Nick Szabo wrote the specification for Bitcoin.
He published Bitgold in 1998 and it was released as Bitcoin in 2008.
He ‘owns’ the ‘ledger’ but has no interest in ‘profiting’ from it.
Why . . . well he’s smart enough to understand the moment the US Governments can identify an individual or entity that ‘owns’ or ‘controls’ Bitcoin the ‘individual’ will be charged and subsequently jailed for a very long list of AML and TOC offences.
In particular, Bitcoin has breach laws for not maintaining anti-money-laundering procedures, which include:
•a customer due diligence programme;
•designation of an anti-money laundering compliance officer;
•development of an ongoing training programme for employees;
•audit procedures to test the effectiveness of the anti-money laundering programme; and
•suspicious activity reporting requirements.
Nick is an academic ‘philosopher’, not a businessman.
No one owns or controls it
Sorry there’s a primary ledger without which it can’t operate.

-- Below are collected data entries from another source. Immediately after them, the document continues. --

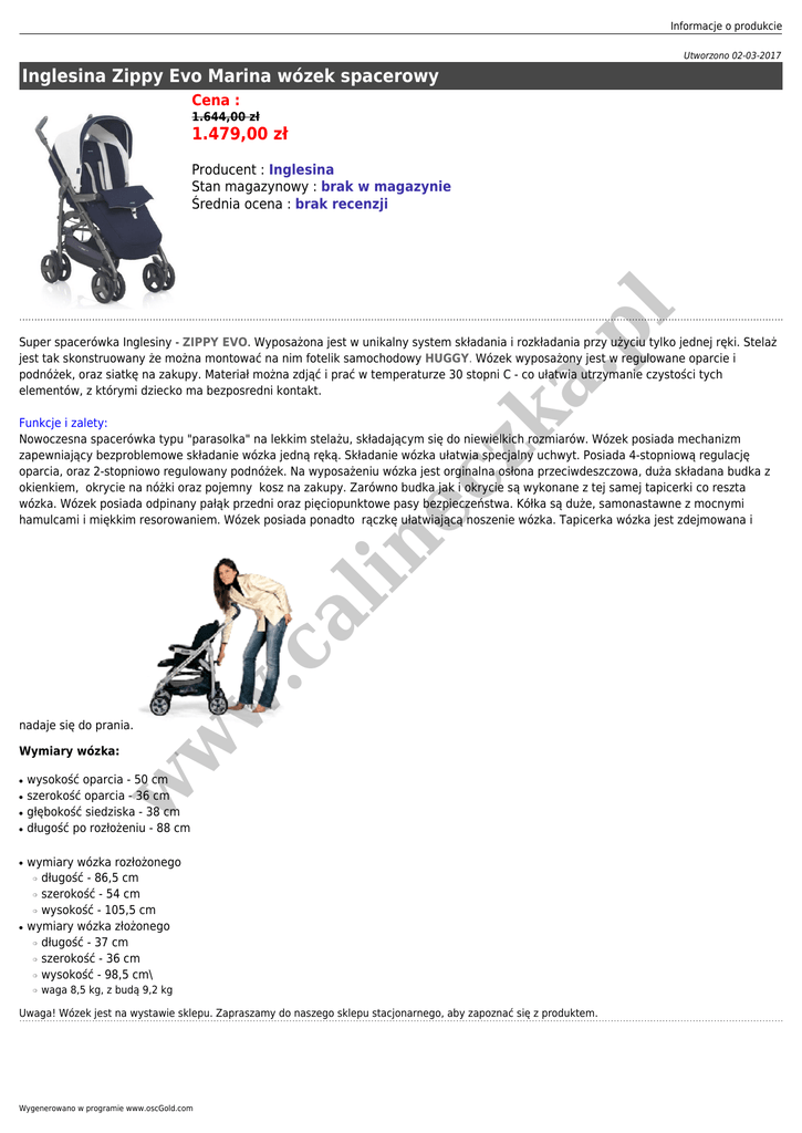 Informacje o produkcie Utworzono 02-03-2017 Inglesina Zippy Evo Marina wózek spacerowy Cena : 1.644,00 zł 1.479,00 zł pl Producent : Inglesina Stan magazynowy : brak w magazynie Średnia ocena : brak recenzji zk a. Super spacerówka Inglesiny - ZIPPY EVO. Wyposażona jest w unikalny system składania i rozkładania przy użyciu tylko jednej ręki. Stelaż jest tak skonstruowany że można montować na nim fotelik samochodowy HUGGY. Wózek wyposażony jest w regulowane oparcie i podnóżek, oraz siatkę na zakupy. Materiał można zdjąć i prać w temperaturze 30 stopni C - co ułatwia utrzymanie czystości tych elementów, z którymi dziecko ma bezposredni kontakt. Wymiary wózka: ● ● ● ● wysokość oparcia - 50 cm szerokość oparcia - 36 cm głębokość siedziska - 38 cm długość po rozłożeniu - 88 cm w ● w nadaje się do prania. w .c al in ec Funkcje i zalety: Nowoczesna spacerówka typu "parasolka" na lekkim stelażu, składającym się do niewielkich rozmiarów. Wózek posiada mechanizm zapewniający bezproblemowe składanie wózka jedną ręką. Składanie wózka ułatwia specjalny uchwyt. Posiada 4-stopniową regulację oparcia, oraz 2-stopniowo regulowany podnóżek. Na wyposażeniu wózka jest orginalna osłona przeciwdeszczowa, duża składana budka z okienkiem, okrycie na nóżki oraz pojemny kosz na zakupy. Zarówno budka jak i okrycie są wykonane z tej samej tapicerki co reszta wózka. Wózek posiada odpinany pałąk przedni oraz pięciopunktowe pasy bezpieczeństwa. Kółka są duże, samonastawne z mocnymi hamulcami i miękkim resorowaniem. Wózek posiada ponadto rączkę ułatwiającą noszenie wózka. Tapicerka wózka jest zdejmowana i wymiary wózka rozłożonego długość - 86,5 cm szerokość - 54 cm wysokość - 105,5 cm wymiary wózka złożonego długość - 37 cm szerokość - 36 cm wysokość - 98,5 cm\ ❍ ❍ ❍ ● ❍ ❍ ❍ ❍ waga 8,5 kg, z budą 9,2 kg Uwaga! Wózek jest na wystawie sklepu. Zapraszamy do naszego sklepu stacjonarnego, aby zapoznać się z produktem. Wygenerowano w programie www.oscGold.com
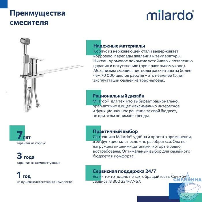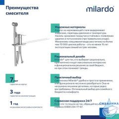 • Гарантия на смеситель Milardo® – 7 лет, на картридж – 3 года, на душевые аксессуары – 1 год.
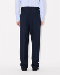 Pleated tailored pants. 'KENZO Paris' label on back pocket. Half-lined front. Two side pocket. One back pocket. Product Reference: FE65PA2149GE.79 SIZE & FIT Relax fit. Leg length at 112 cm. The model is 185 cm tall and is wearing size M. COMPOSITION & CARE Made in Romania 100% virgin wool Do not bleach Mild professional dry-cleaning in: hydrocarbons Iron at low temperature Line drying in the shade Do not tumble dry Do not wash Do not wet-clean
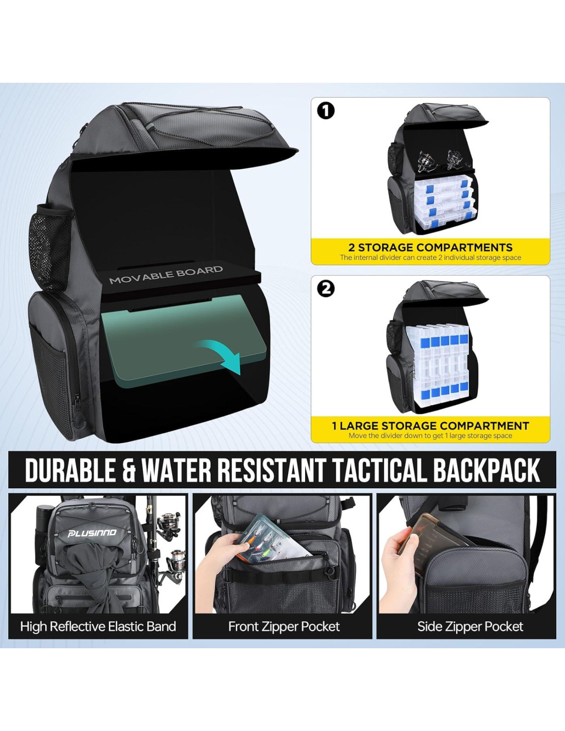 - Resistente al Agua y Robusta - La mochila de pesca PLUSINNO con 4 cajas de aparejos está fabricada con tela de poliéster de alta densidad 900D, asegurando un rendimiento superior a largo plazo. La tela resistente es resistente a desgarros y abrasiones, asegurando que la mochila soporte ramas en la naturaleza. Incluso en lluvia repentina, la mochila de pesca mantiene tu equipo de pesca u otros artículos secos. La exquisita artesanía y la firme costura garantizan una durabilidad prolongada, convirtiéndola en una parte esencial de tu viaje de pesca
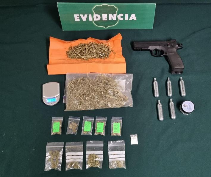 El fiscal de turno dispuso que el sujeto de 22 años fuera trasladado a la unidad policial a la espera de su formalización en el Tribunal de Garantía de Litueche. En el operativo se incautó un arma tipo pistola de aire comprimido y 137 gramos de marihuana dosificada y a granel./
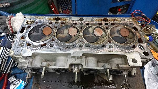 這顆引擎汽缸蓋有在外廠拆過.原因.正時皮帶斷掉.
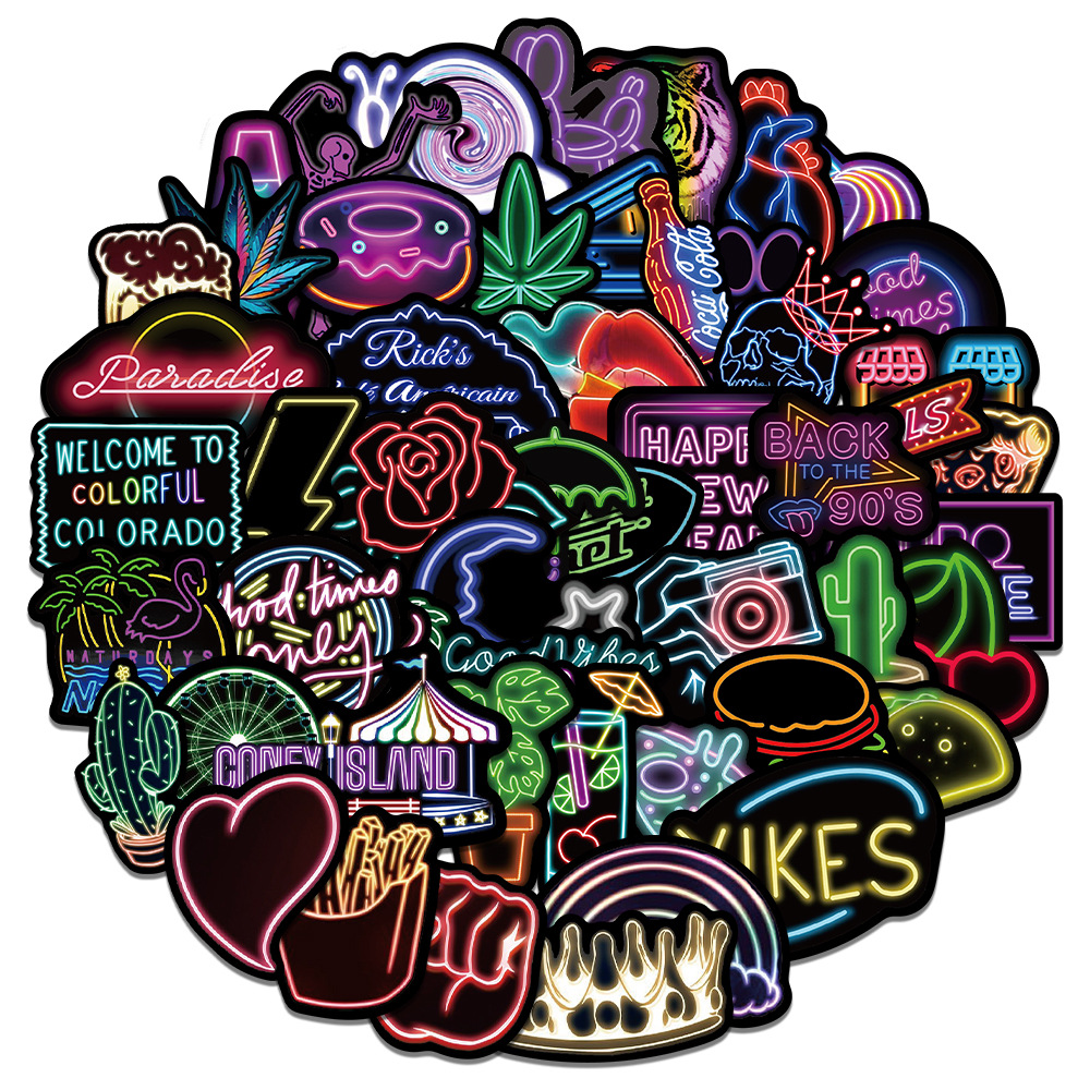 Stiker grafiti kartun neon, stiker helm skuter bagasi DIY 50 lembar/2
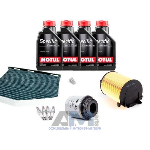 Состав набора ТО: Оригинальное моторное масло VAG Long Life III (504/507)- 4 л.Оригинальный масляный фильтр 03C115561H- 1 шт.Оригинальный воздушный фильтр 1F0129620- 1 шт.Оригинальный салонный фильтр JZW819653B- 1 шт.Пробка масляного поддона N90813202- 1 шт.Оригинальные свечи зажигания 101905626- 4 шт.
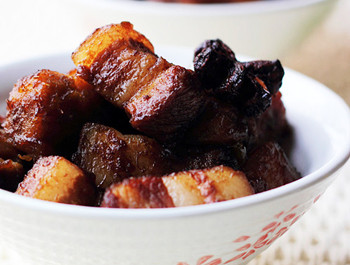 原料:五花肉、红薯、色拉油、盐、冰糖、葱5克、八角1个、料酒、老抽

Currently Bitcoin is ‘maintained’ by Wladimir van der Laan.
Szabo or van der Laan could blow-up Bitcoin tomorrow.
It’s just a paradigm . . .
Warren Blair
February 18, 2018 at 11:49 pm
Sorry there’s a primary ledger without which it can’t operate.
Currently Bitcoin is ‘maintained’ by Wladimir van der Laan.
Szabo or van der Laan could blow-up Bitcoin tomorrow.
It’s just a paradigm . . .
——————————–
With all do respect Warren, whatever about who “maintains” Bitcoin, the bitcoins can not be blown-up.
Even considering that one person purchases the whole bitcoins at a given moment, no way this person can blow-up bitcoins or its value, or even having a chance to manipulate that value, only will happen to be considered as the bigger fool out there, rightfully so.
To somehow imagine bitcoins blowing-up, you have to imagining the reversal or the blow- up of the Blockchain, something beyond possibility….regardless how long it will take for ppl to realize this.
Blockchain is set for a long long stay, so long that it will be worthless to even try and estimate it, and no one can do anything about it….better start getting used to this..:)
Blockchain bitcoins are very tightly connected.
The bitcoin platform can not even be manipulated let alone considering that it could be blown-of, regardless who maintains the Bitcoin.
Anthropogenic forcing can not and will not have any effect ever or any blow-of impact in the
Blockchain-bitcoin coupling…:)
Oh well, very difficult for me to consider it at this point any other way.
cheers
Wow Whiten software that can’t be modified!
You’re clearly pontificating from a platform of complete ignorance.
Bitcoin ‘engine’ programmers can do whatever they like including writing routines to cause every Bitcoin to eat every other Bitcoin then delete every block in existence.
Pelople who believe in immutable computing are suckers in the vein of CAWG believers.